The third part of this decision making process is the most variable…what is currently happening. As the boat travels and the sounders are sending out the trio of wavelengths an image of the ocean shelf is created. The scientists are able to see topography and measure the depths of the shelf’s different contours. The Shimada is a 209 foot long boat weighing over 2,400 tons. When deciding to trawl for hake that we suspect are present because of backscatter sign in the echogram the scientists and Commanding Officer always consider the depth to bottom, contours, wind and the maneuverability of the ship. Deploying the Aleutian Wing Trawl (AWT) net to catch hake is a task that involves cooperation and communication between the deck crew, Boatswain, bridge officers and the Chief Scientist. When RT sees a sign on the echogram that she wants to fish, she and Commanding Officer Kunicki quickly discuss the approach, wind direction and depth to get an idea on how the net will be affected and how close the ship can get to the exact sign that she wants to sample.
This is my bare bones description of the process that goes into deciding when to fish on Leg 5 of the Pacific Hake Survey. Stay tuned to see what we learn from comparing the echogram of sign to the actual yield from the AWT fishing net.
This ship is filled with kind, creative and industrious people. I am reminded of this constantly and appreciate this often. To me it is astounding to consider all the work and thought that is involved in a fifteen-day research survey at sea. This is a science survey so there are specific tools, computer programs and labs that must run well. To me, coming in with a science focus, this is most obvious. What I am blown away by are all of the additional layers that work together to make science even possible on this successful voyage. There are several teams at play: engineering, technology, deck, science and the bridge officers. Engineers are constantly maintaining engines, generators (this ship has 4), plumbing, ventilation and so much more. I had a tour today with Engineering Chief Sabrina Taraboletti that I am still trying to process through.

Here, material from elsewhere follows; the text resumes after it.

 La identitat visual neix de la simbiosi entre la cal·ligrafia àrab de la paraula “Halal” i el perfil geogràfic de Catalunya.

Technology is handled by one person on this ship. He maintains and trouble shoots computers in the acoustics lab, the bridge, the chemical lab and even found time to help maximize signal for the Fantasy Football draft. The deck crew is as versatile as anyone on this ship. We have two types of nets that we fish with. The deck crew is responsible for getting the nets out to fish and back in with the catch. Way easier said than done when we are talking about over a ton of weight with net, camera, chain, and doors. On top of all their other responsibilities many of the men in the deck crew have been helping out in the galley (kitchen) on this leg of the hake survey. Larry is the chief steward (chef) on board this leg and he typically has someone working with him but not on this leg of the Survey. So in addition to working their 12 hour shift, many of the deck crew have been working with Larry to prep food, clean up the mess (dining area), do dishes or even create their own personal specialties for dinner. We have been spoiled by Matt’s rockfish, Joao’s fresh salsa and soups and our Operations Officer Doug’s amazing BBQ. Liz and I even got to help out and make some donuts with Larry. Eating is great on the Shimada!
Liz and OCB making the donuts – thanks for the lesson Larry.

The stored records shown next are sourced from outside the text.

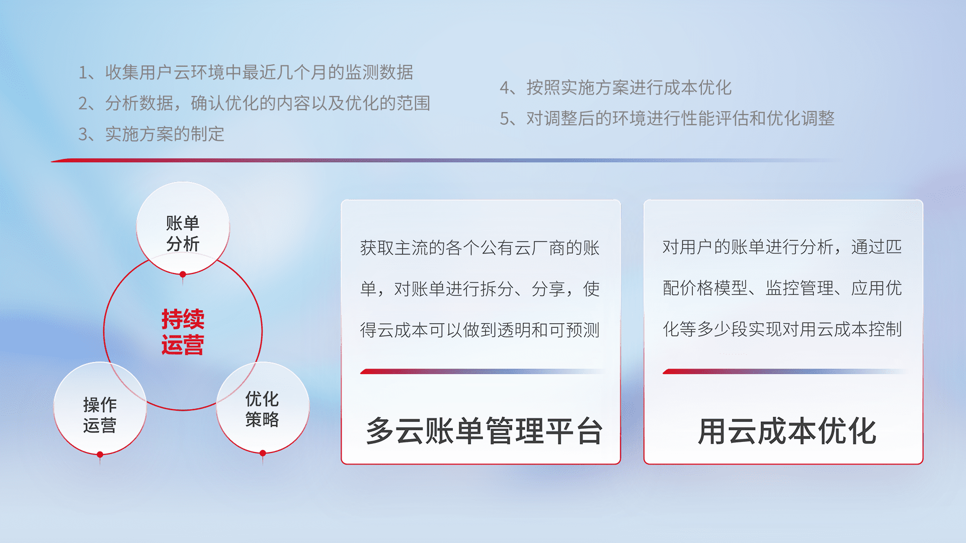 通过灵活运用多种自动化迁移工具,,,,帮助企业用户实现业务和数据高效 、、稳定的上云迁移和云上迁移,,采用自研多云纳管平台,,,,以中立管理模式,,,解决多组织、、多云、、多运维厂商的复杂关系的管理,,,保证多云平台资源配置的一致性,,,,实时掌控云资源运行数据,,,运用智能化工具分析云资源多云平台的管理服务,,透明化管理成本支出,,,用云成本可预测、、、用云费用可优化、、云资源配额有据可依。。。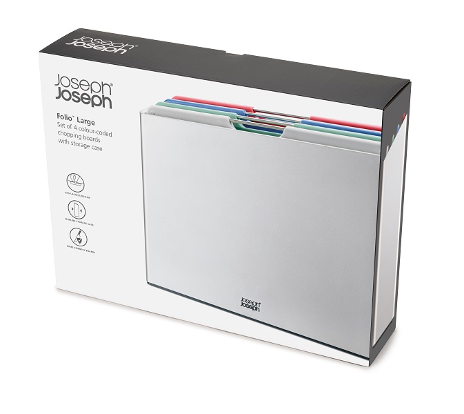 Keep your kitchen organized, stylish, and safe with the Joseph Joseph Folio 4 piece Chopping Board.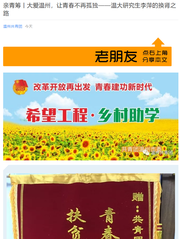 2018年1月22日,就在李萍接受肾移植手术通过医院和有关部门审核,可以安排手术的消息后,温州团市委就在“亲青筹”平台发布了题为《父亲为爱捐肾救女,请帮帮温大这名优秀的学生!》的筹款项目。筹款目标4万元,短短几天时间内,共有719人次参与捐款,共募捐44639.35元。3月13日,该笔款项拨付给了亚洲无码 教育发展基金会,用于李萍的移植手术和后续治疗。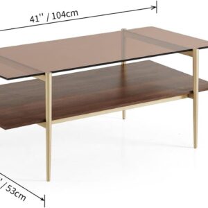 Double Layer Glass Coffee Table for Living Room, Brown Glass & Coffee Brown Bottom Shelf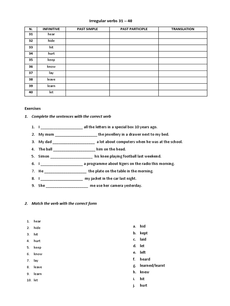 Irregular verbs 31 – 40

The Shimada team is rounded out with the bridge crew made up of 4 officers. The officers on a NOAA ship have a foundation of science knowledge and extensive nautical training. Before we go fishing I get to participate in the marine mammal watch up in the bridge. As I look for whales, dolphins and other marine mammals near the boat I can listen to the Captain and officers working their magic. We have had an incredibly smooth trip thus far which I credit to our Officers and of course Mother Nature.
Did You Know?
Who is this?
Crazy cool catch of the day…can you figure out what type of fish this is?
Here is a clue…they have specially adapted cells called photocytes that create light producing organs called photophores. The photophores run along the sides of the fish and help them to lure prey and attract mates.
Viperfish live in the deep ocean and migrate vertically as the day goes on in order to catch prey. They typically live around 1,500m (4,921 ft) and in the night will end up around 600m (1,969 ft) at night. This particular fish appears to have photophores along its mouth but it is difficult to be 100% sure from this specimen.
We are now off the coast of Western Florida. After completing many stations in East Texas and Louisiana, we headed over to the Emerald Coast. State agencies in Louisiana and Mississippi, who are SEAMAP partners, have already completed stations in their states using the same trawling protocol which allowed us to push on to Florida.
The change in species has been dramatic. We are now trawling in sandy bottom areas, which have also been shallower than most of our Texas trawls with muddy bottoms. Generally, the fish here in Florida have more coloration and our catches have been smaller with fewer, but often slightly larger fish. Below is a side by side comparison of fish diversity between a Texas trawl catch and a Florida trawl catch.
Florida trawl catch
Texas trawl catch
The increased coloration in the fish actually helps the fish hide better in the sandy bottomed blue waters, yet at the same time allowing potential mates to find each other more easily. In the murky bottom waters of Texas, the fish tend to blend in better with duller colors. Here are some of the interesting species we found in the Emerald Coast waters.
Sand Perch
Pearly Razorfish
Scrawled Cowfish
Ridged Slipper Lobster
Urchin
Batfish
Snakefish
Butterfish
Jackknife fish
One new fish we have caught in Florida is the lionfish (Pterois volitans ). In less than 10 years, the Lionfish has become widely established as an invasive species in the US Southeast and Caribbean coastal waters. It is native to the Indo-Pacific region, but was introduced into this area of the Gulf.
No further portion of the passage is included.